Dependent Variable: Payable.Amount (amount that remains payable after considering SEPs or deferred penalties).
Independent Variables: Penalty.Assessed, SEP.Costs.Total, and Penalty.Deferred.
# Linear model with Payable.Amount as the dependent variable
model <- lm(Payable.Amount ~ Penalty.Assessed + SEP.Costs.Total + Penalty.Deferred, data = texas_env)
summary(model)
##
## Call:
## lm(formula = Payable.Amount ~ Penalty.Assessed + SEP.Costs.Total +
## Penalty.Deferred, data = texas_env)
##
## Residuals:
## Min 1Q Median 3Q Max
## -6075.8 -9.1 -7.9 -4.5 6742.1
##
## Coefficients:
## Estimate Std. Error t value Pr(>|t|)
## (Intercept) 9.8000517 9.8869601 0.991 0.322
## Penalty.Assessed 1.0002789 0.0004447 2249.183 <2e-16 ***
## SEP.Costs.Total -1.0005624 0.0008273 -1209.437 <2e-16 ***
## Penalty.Deferred -1.0007731 0.0010284 -973.096 <2e-16 ***
## ---
## Signif. codes: 0 '***' 0.001 '**' 0.01 '*' 0.05 '.' 0.1 ' ' 1
##
## Residual standard error: 302.9 on 1279 degrees of freedom
## Multiple R-squared: 1, Adjusted R-squared: 1
## F-statistic: 8.82e+06 on 3 and 1279 DF, p-value: < 2.2e-16
My Interpretation of the Results:
R-squared (1): An R-squared value of 1 suggests that the model perfectly explains all of the variance in the dependent variable, Payable.Amount. This is very unusual in real-world datasets and might indicate overfitting.

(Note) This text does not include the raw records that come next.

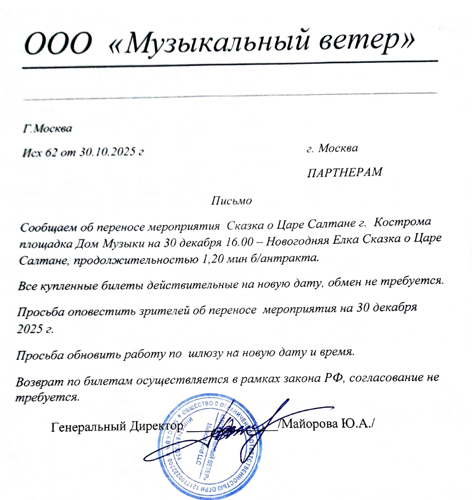 Уважаемый клиент! Спешим сообщить, что по информации, полученной от организатора, спектакль «Сказка о Царе Салтане», запланированный на 31 октября 2025 года в 17:00 в Доме музыки Павла Герштейна, перенесён на 30 декабря 2025 года, начало в 16:00. Ранее приобретенные билеты действительны на новую дату, обменивать их не нужно. Если вам не удобно посетить спектакль в новую дату, вы можете вернуть билет по кнопке в личном кабинете во вкладке «Заказы». Деньги за электронные билеты вернутся автоматически в полном объёме на карту, с которой была произведена оплата. Если вы купили билет в кассе Ticketland.ru за наличный расчет, то обратитесь, пожалуйста, на почту: vozvrat@ticketland.ru. С уважением, команда поддержки Ticketland.
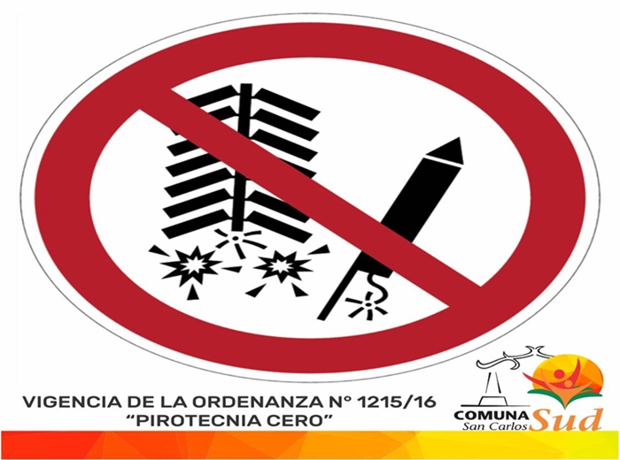 La Comuna de San Carlos Sud informa que se encuentra en plena vigencia la Ordenanza N° 1215 sancionada el 01/11/16 denominada “Pirotecnia Cero”, prohibiendo la tenencia, acopio, depósito, exhibición, manipulación, uso, venta o cualquier otra modalidad de comercialización, tanto mayorista como minorista sea entre personas físicas y/o jurídicas de elementos de pirotecnia.
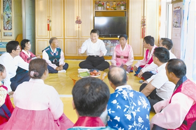 村委会对面有几户朝鲜族农家。习近平走进村民李龙植家里,了解一家人收入和生活情况。然后,他盘腿而坐,同村民们亲切交谈。大家争着向总书记述说这些年村子里发生的可喜变化,住上了新房子,用上了自来水,通上了有线电视和网络宽带,搞起了旅游,公共服务进了社区,生活环境干净整洁,晚上还有路灯,习近平听后很高兴。他表示,看到这里安定祥和,心里很踏实。检验农村工作成效的一个重要尺度,就是看农民的钱袋子鼓起来没有。要通过多种途径着力构建农民持续较快增收的长效机制。新农村建设要坚持规划先行,注重乡土味道和民族风情,注重补农村的短板、扬农村的长处,努力建设美丽乡村和农民幸福家园。从农家出来时,村民们纷纷向总书记问好,习近平同他们热情握手。村民们簇拥着总书记,直到把总书记送上车仍依依不舍。
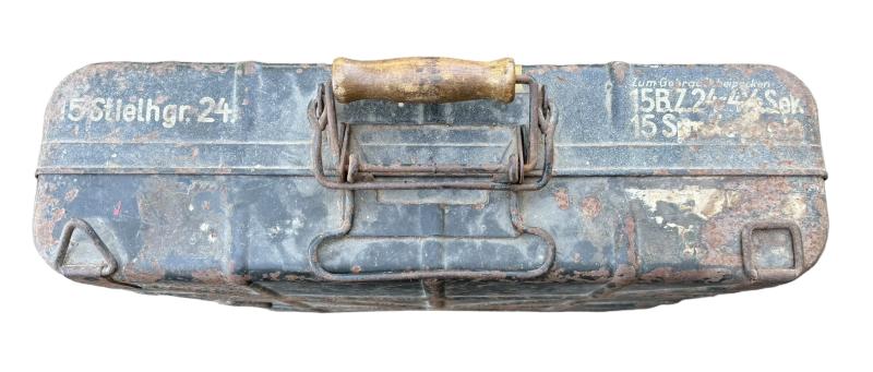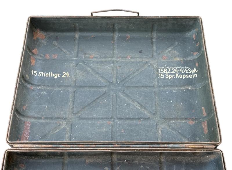 Wehrmacht M27 Stick Grenade Transport Case Used but still a very nice Wehrmacht M27 Stick Grenade transport case in 95% of its original field grey camo paint. In used but good condition.
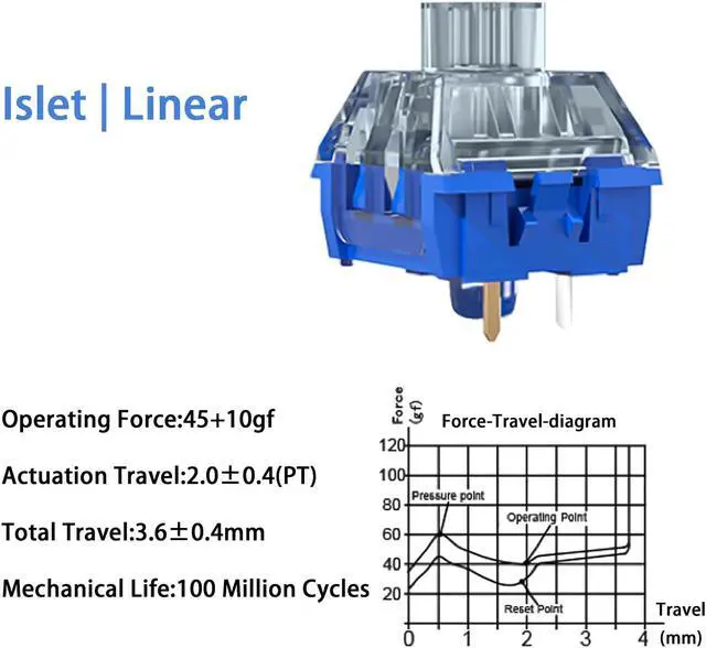 Kailh Box lslet Pro Silent Switches, Deep Sea Silent Linear 3-Pin 45gf Waterproof Dustproof Mechanical Keyboard Switches(lslet Linear, 108Pcs)
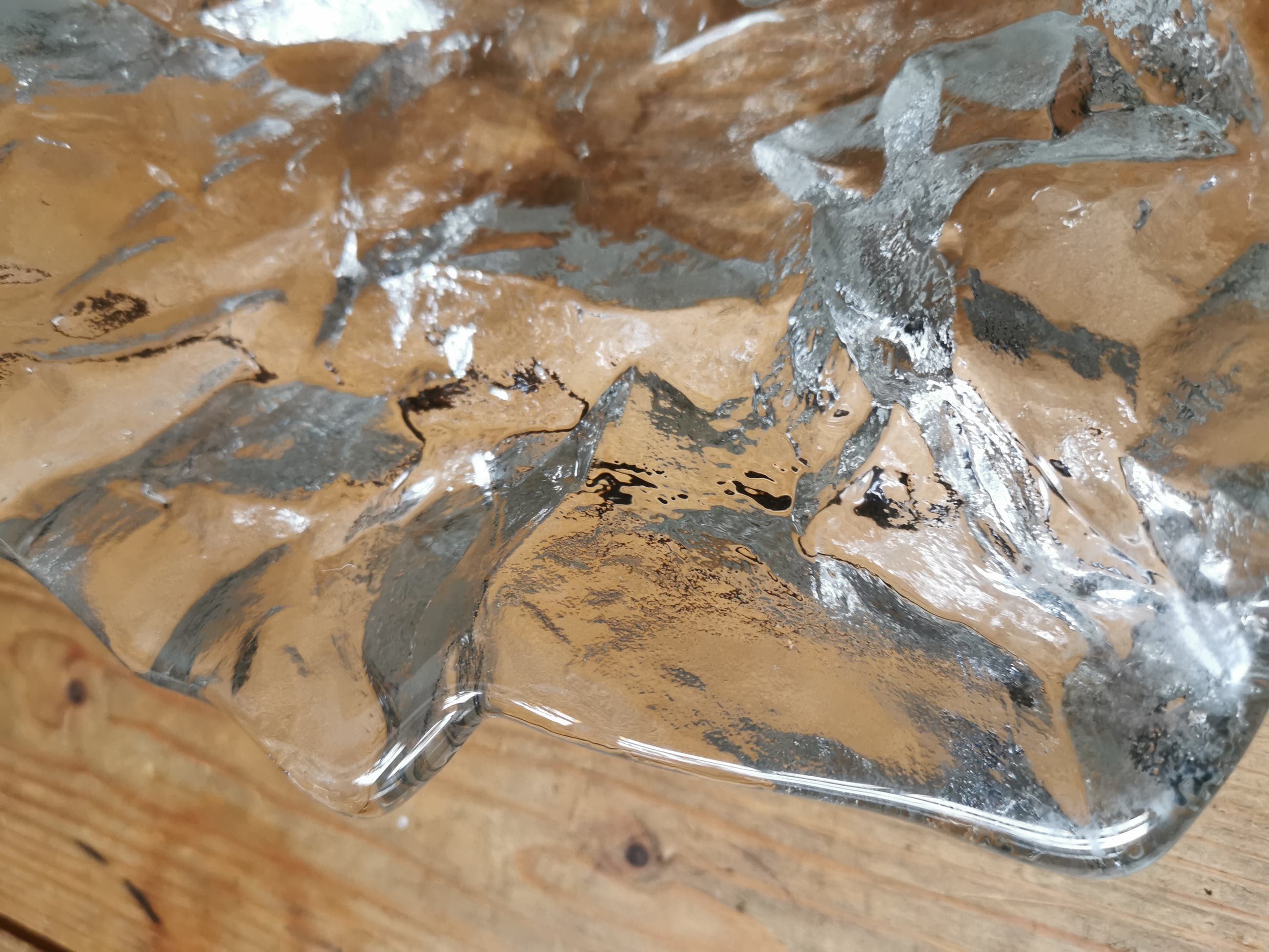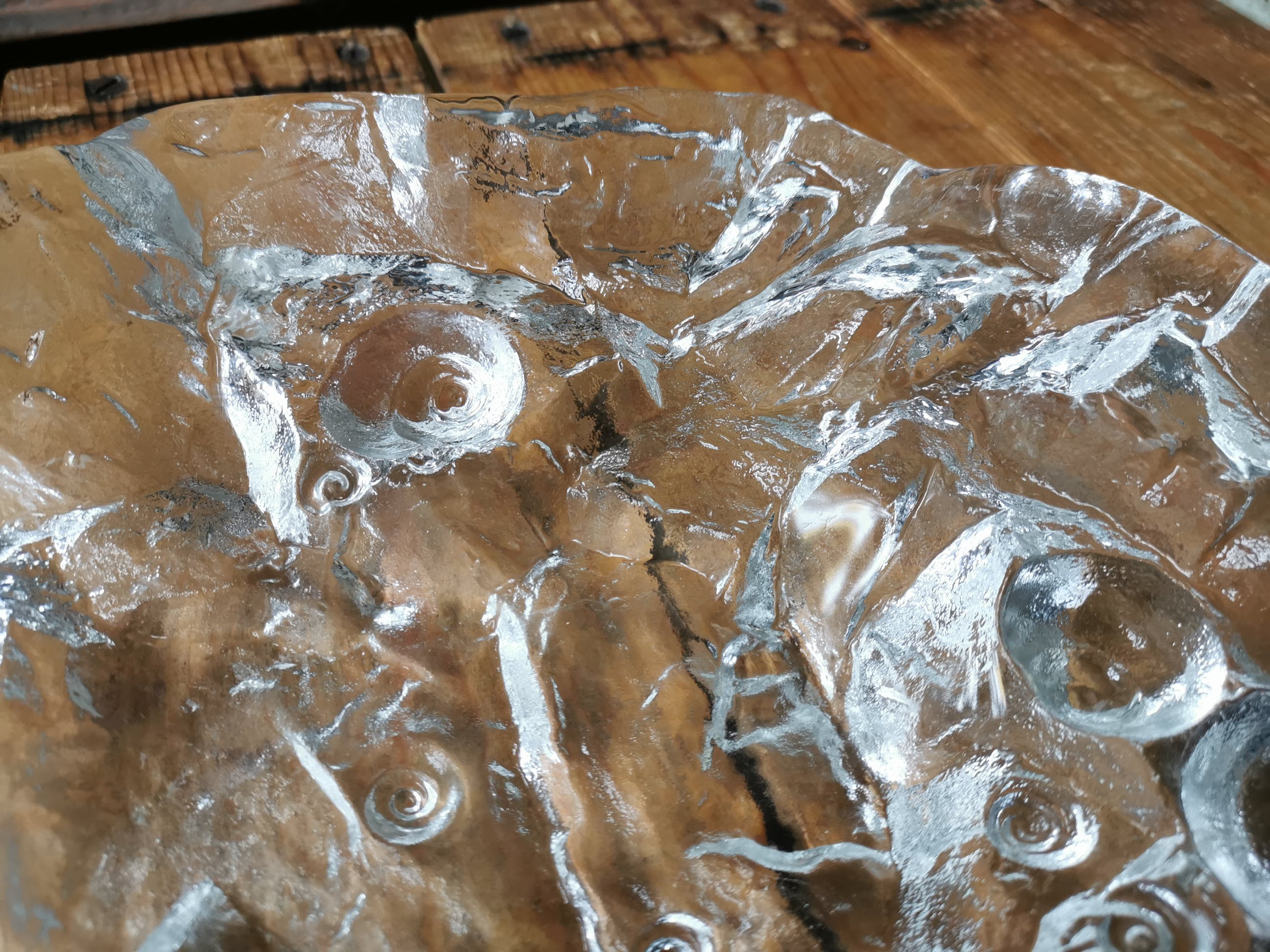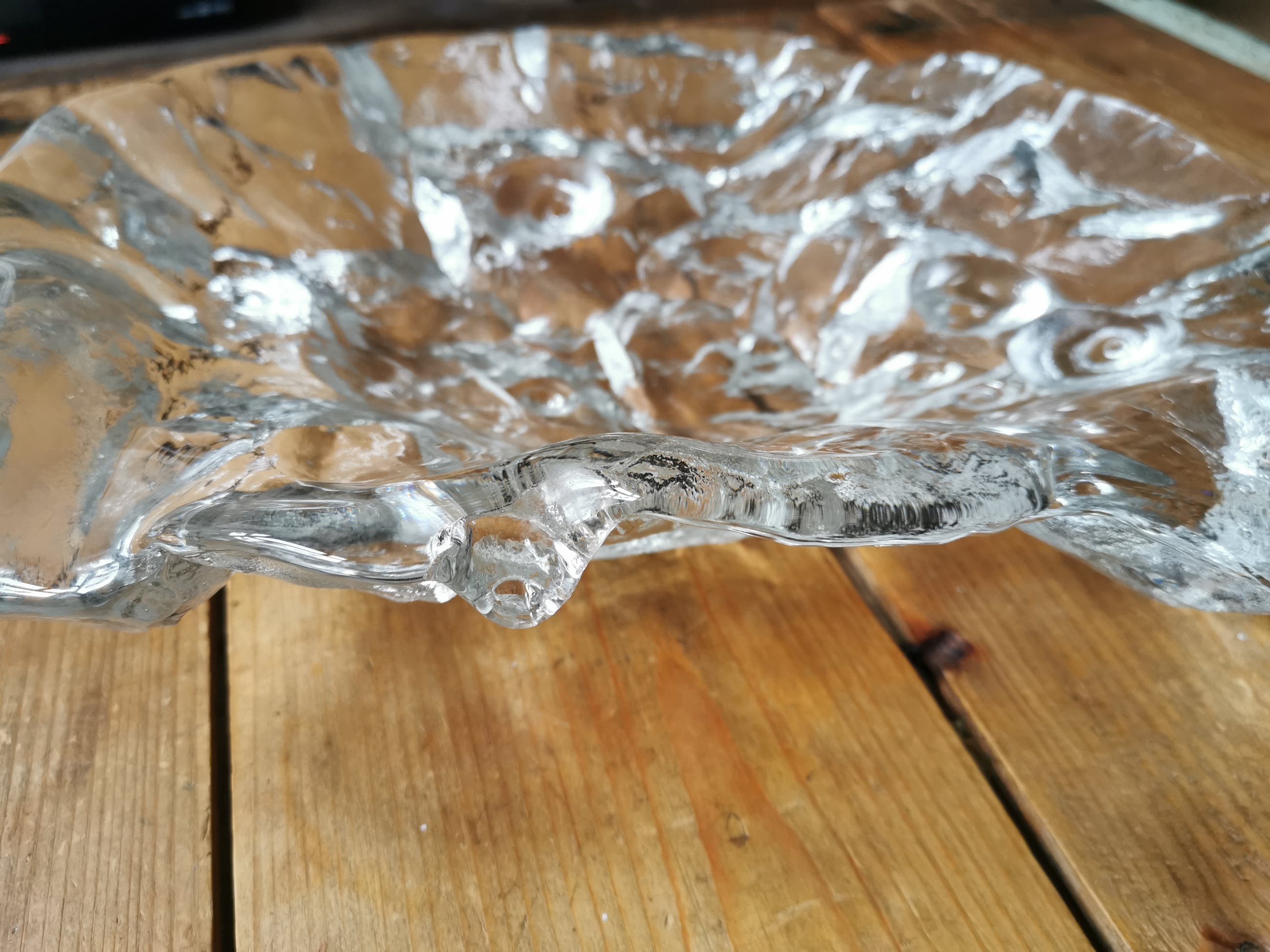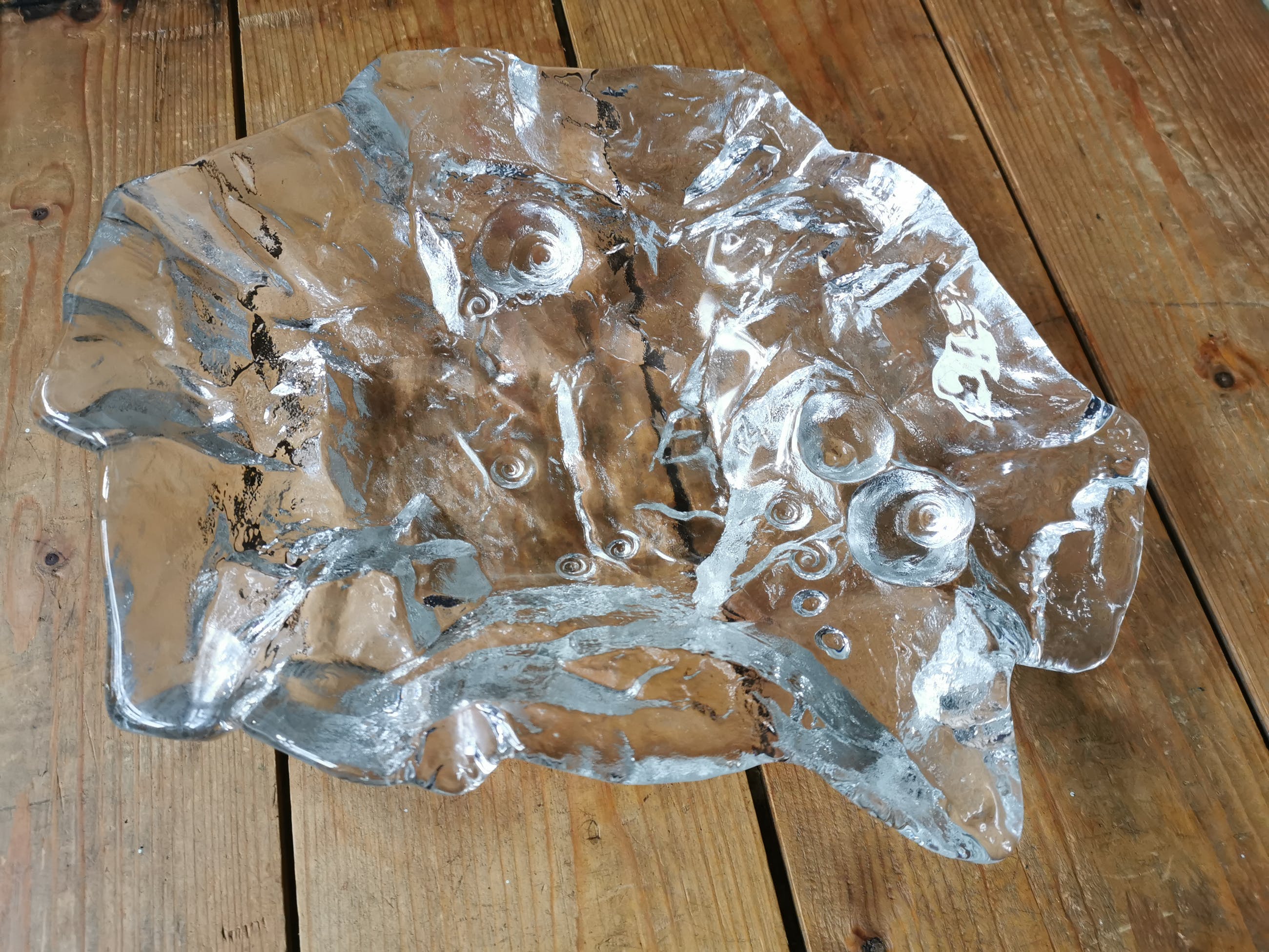 Interessante en goed vormgegeven relatief zeldzame zware glazen schaal met stilistische vormen van kokkels en schelpen. Het ontwerp heeft wat weg van een brok ijs. Staat enorm decoratief. Zondermeer een conversation piece.

p-value (< 2.2e-16): The extremely small p-value suggests that the model overall is statistically significant, meaning there’s a very low probability that these results occurred by chance. This makes the relationship between the dependent and independent variables highly statistically significant.
# Linearity assumption check
plot(model, which=1)
The visible pattern would suggest that the linear model may not be the
best fit, as it violates the linearity assumption.